The Milwaukee Bucks are as up and down as they’ve ever been.

A team of odd streaks, the 12-15 Bucks currently hold a road winning streak and a home losing streak. Seem a bit unconventional? The Bucks aren’t your typical NBA team.

It’s easy to look around the league and see the star teams: energetic fan bases, a motivated and talented roster, and plenty of future ahead. The opposite can be said about the franchises that are struggling, and too often in the NBA these attitudes are sustained for long stretches of time.
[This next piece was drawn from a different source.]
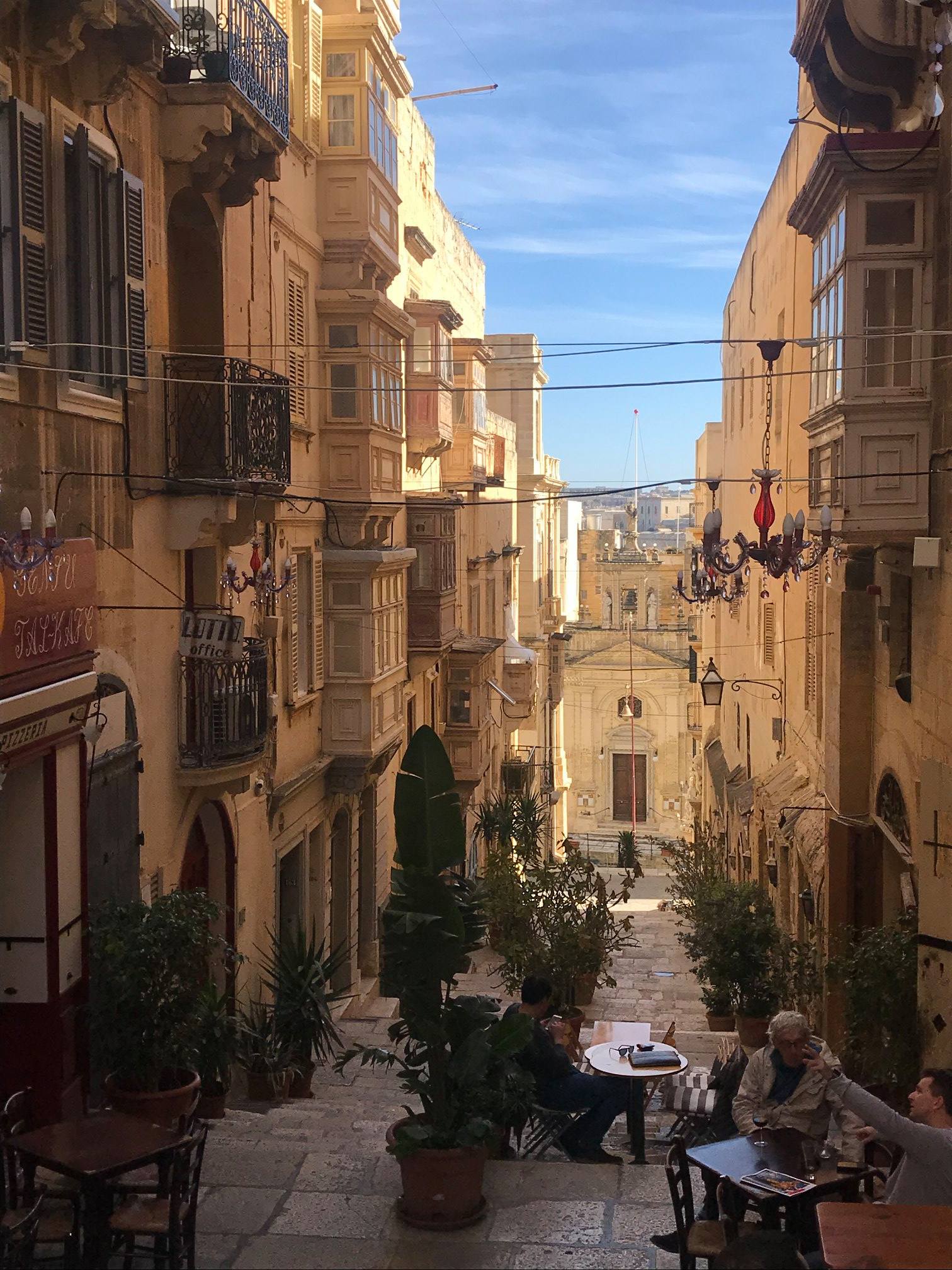 Valletty przemieszczamy się w poszukiwaniu miejsca na dobrą obiadokolację. Wchodzimy w maltańskie ulice, gdzie toczy się normalne, codzienne życie. Trochę to wścibskie, ale jak już tam jesteśmy, to czemu nie…Powoli zapalają się światła w klimatycznych knajpkach i kafejkach. Poznajemy Vallettę w zupełnie innym świetle. To był uroczy dzień.

A team like Charlotte, stuck in a 14-game losing stretch, tends to carry along too much frustration from game to game.

The thing that sets the Bucks apart from some of the other teams in the lower half of the standings is their attitude. Milwaukee acts like a team that wins with routine. Is that is good thing? I mean, why not? The Bucks put themselves in so many tough situations when they look lost on the court, commit far too many turnovers, and end up in too many large deficits. Yet they don’t suffer many blowout losses. They make too many mistakes and end up allowing a lot of early points. Yet they typically can limit their opponent to under 100 points.

To be successful in the NBA, of course you need the right talent. Yet you always need the right attitude, and the Bucks’ recent history demonstrates that perfectly. Two seasons ago they made a huge late-season surge into the playoffs, and their team chemistry was given a lot of praise. GM John Hammond has been constantly shifting the roster in part to clean up some past financial mistakes, and two seasons ago it worked. Very well. Last season was a problem, and Hammond gambled on a few locker room personalities in order to clean up their payroll again. The Bucks lost on that gamble. It was a tough year, and a lot of players criticized the team’s collective attitude.
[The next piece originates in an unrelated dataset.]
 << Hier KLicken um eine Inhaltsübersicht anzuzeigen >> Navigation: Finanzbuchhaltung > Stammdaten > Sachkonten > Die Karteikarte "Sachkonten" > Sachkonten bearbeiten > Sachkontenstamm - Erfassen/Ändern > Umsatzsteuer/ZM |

So here we are this season. Coach Scott Skiles is a defensive-minded coach. He has been known to occasionally wear out his players, especially if they aren’t used to that style of defense. But that doesn’t seem to be the case with this current bunch. They are a younger group, and they didn’t have a training camp to learn all the new faces, like every other team in this shortened season. So while the Bucks typically have a developing phase into each game, they adjust and put up a lot of fight later in the game.
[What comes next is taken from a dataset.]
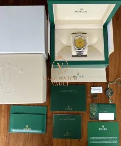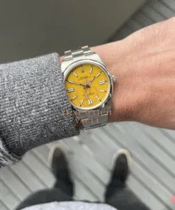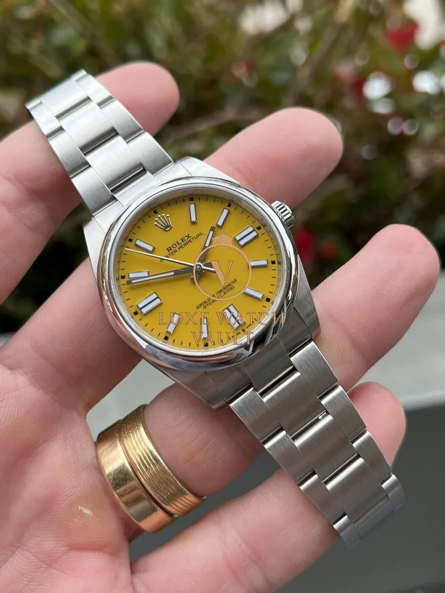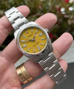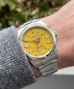 Traditionally an overlooked entry point into modern Rolex pieces, the OP series began gaining traction with enthusiasts a couple of years ago as a perfect daily-wearing, under the radar Rolex. In 2020 Rolex updated the series, and released them in a range of ‘Stella’ inspired dial tones including coral, pink, turquoise blue, green and perhaps our favourite of the range, this stunning deep yellow.

So that will change, right? After 27 games, you eventually can’t keep using the excuse that you are still working out the bugs. And that is something to pay attention to. For now, we’ll have to settle for the late-game surges that at least keep the Bucks in most games.

The Good

Watching the Bucks play, I mean actually play the game well, can be an enjoyable thing for basketball fans. They space the ball out well, they pass effectively, and they get that bit of luck you have to have on your side. Brandon Jennings and Shaun Livingston, the starting guard tandem for the last 14 games, works so well because they both bring a different element. Jennings is faster and has a quicker reaction time, while Livingston is the much taller guard and can shoot better. Both guards can flash to the basket, which helps shrink the defense and create outside shots. Carlos Delfino has thrived very well in that role, hitting 46% from 3-point range in the last 10 games.

The Bad

In battle, one side can have an advantage over the other if they can create a distraction. The Orlando Magic happened to find a distraction in superstar Dwight Howard. The Bucks held Orlando offensively early on and took a halftime lead against the Magic. That of course fell apart later on, as the Bucks held Howard close to a season low in points, but allowed a 3-point explosion to another player. Limiting Howard was a good thing, and Drew Gooden did the best he could. But Milwaukee needs to keep focus on the other threats on the court.

The Ugly

You might have heard some interesting comments the other day from Brandon Jennings. He established the point during an interview with ESPN that he is actively researching other teams for when he becomes a free agent in 2 seasons. Obviously, it brought an onslaught of varying opinions. In today’s NBA, too many small market teams struggle from year to year. They end up with the high draft picks and some of the top players, and a handful of those players have bolted to bigger markets in the last couple of seasons. Could that be Jennings’ eventual plan? No one can say at this time. Perhaps that was his way to encouraging the Bucks to continue to build a strong roster around him.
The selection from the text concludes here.